Newbie to CUDA - Help wanted Suggestions and help with implementing a parallel merge sort

shay_m · December 23, 2010, 12:09pm

Hi All,

I’m a newbie to CUDA, and I wrote my first application - which is far from being perfect.

As an exercise, I wrote a very simplistic parallel merge sort algorithm.

Here’s the most interesting bits of code:

These are the two kernels used:

// Merges array A (of size szA) & array B (of size szB) into array C (of size szA + szB)

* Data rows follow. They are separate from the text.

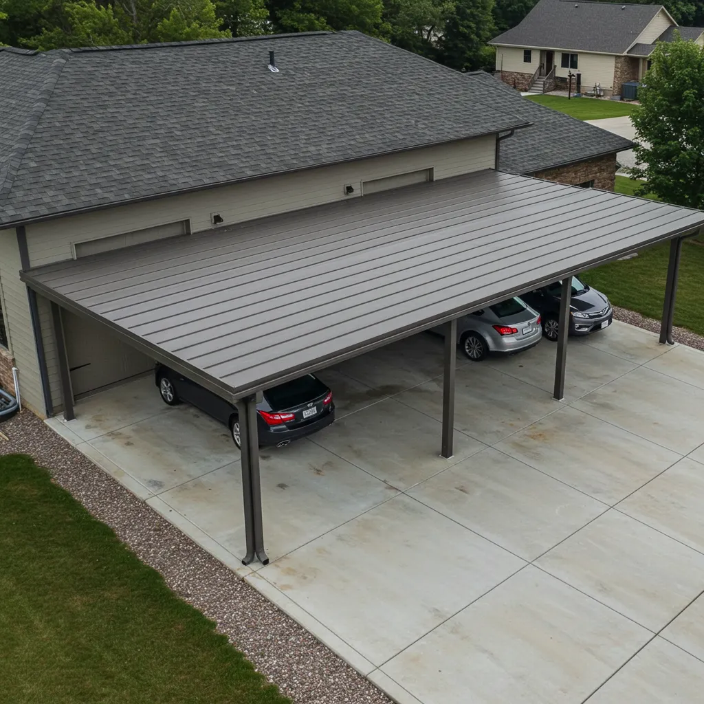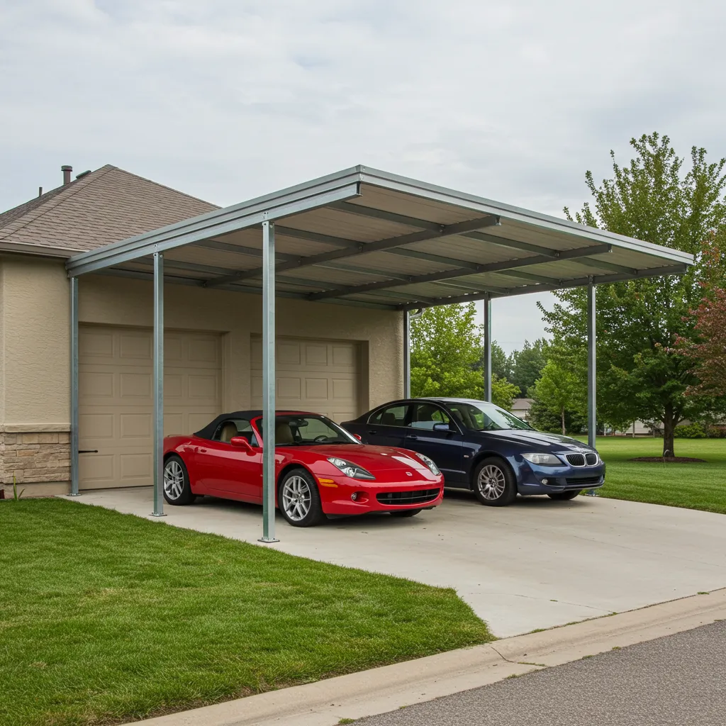 If your home has a modern architectural style, a minimalist metal carport can be the perfect match. Using steel or aluminum with clean lines and a flat roof gives a contemporary vibe while ensuring strength and longevity.
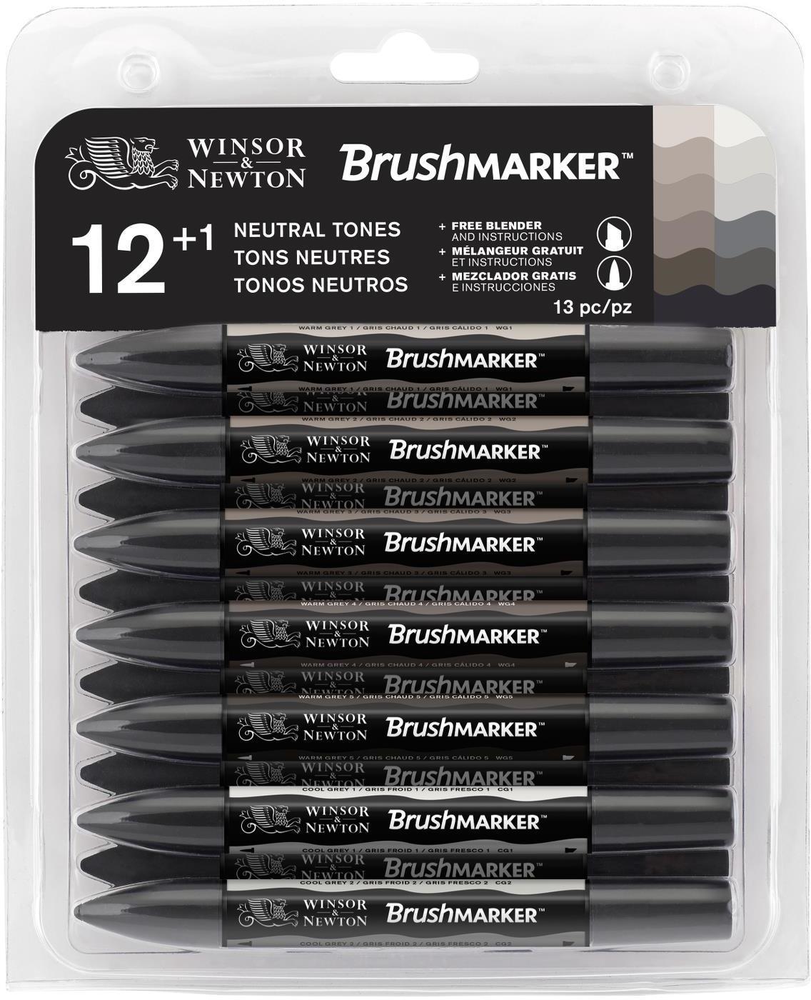Winsor & Newton Brushmarker Greys -tussilajitelma, 12 tussia
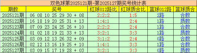 开奖回顾:福彩双色球第2025127期红球为:03 09 15 17 19 28,蓝球为:03,红球012路比为3:2:1,和值为91,跨度为25,质合比为3:3,蓝球为0路、质数号码。

__device__ void Merge(int A[], int B[], int C[], int szA, int szB)

{

	int a = 0;

	int b = 0;

	int c = 0;

	while (a < szA && b < szB)

	{

		C[c++] = (A[a] < B[b]) ? A[a++] : B[b++];

	}

	while (a < szA) { C[c++] = A[a++]; }

	while (b < szB) { C[c++] = B[b++]; }	

}

// Sorts array a (of size d) and saves the result into array b (of size d)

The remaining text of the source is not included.